# 17x9 on an MK3 jetta



## Si Trav (Oct 26, 2008)

i went out and purchased a set of 17x7 fronts 17x8.5 rear Porshe Turbo twist wheels.
Just curious if I can squeeze the 9" on the rear.
Car is MK3 jetta rolled fenders dumped on witec coils. I dont have adapters or spacers yet.
Anyone with some light on this fitment please do share! http://****************.com/smile/emthup.gif 
Thanks all, and happy halloween!


----------



## Si Trav (Oct 26, 2008)

anything? anyone?


----------



## Si Trav (Oct 26, 2008)

ttt.......


----------



## Si Trav (Oct 26, 2008)

anyone with some helpfull advice


----------



## MitchNFitch (Apr 8, 2008)

*FV-QR*

17x8 front 17x9 back
























Sauce: http://www.eurotuner.com/featu....html
17x8 front 17x9 back
















Sauce: http://www.vwvortex.com/artman...shtml


----------



## Si Trav (Oct 26, 2008)

thank you so much for the pics!
tracer tech 2's http://****************.com/smile/emthup.gif


----------



## MitchNFitch (Apr 8, 2008)

*FV-QR*

Yeah, no problem man.

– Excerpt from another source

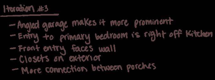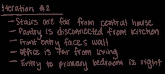 With the program narrative, I was able to begin schematically laying out the spaces and thinking through the connections. Each of my parents have different routines based on their occupation. My mom, who is an accountant wakes up earlier than my dad, who is a farmer, and they both move differently through the house. By mapping out these spaces I was able to see that placing the kitchen and living in the center of the home, while placing the garage, bathroom, laundry, and bedroom together on one side would be the most optimal layout. As I iterated, I was able to incorporate feedback from my parents on each version.

Good luck with the wheels.


----------



## Si Trav (Oct 26, 2008)

thanks bro. looking to purchase two 17x9 turbo twists as we speak. thanks again for the pics!


----------



## Daniel (Sep 7, 2003)

*Re: (Si Trav)*

those cars posted look like they have a little more done to the fenders than just rolling them....I know the silver one for sure does.
I would post this question up in the MKIII forum because I know there are a ton of wheel whores that should be able to answer http://****************.com/smile/emthup.gif


----------



## Si Trav (Oct 26, 2008)

*Re: (Daniel)*


_Quote, originally posted by *Daniel* »_those cars posted look like they have a little more done to the fenders than just rolling them....I know the silver one for sure does.
I would post this question up in the MKIII forum because I know there are a ton of wheel whores that should be able to answer http://****************.com/smile/emthup.gif 

thanks for the advice bro http://****************.com/smile/emthup.gif


----------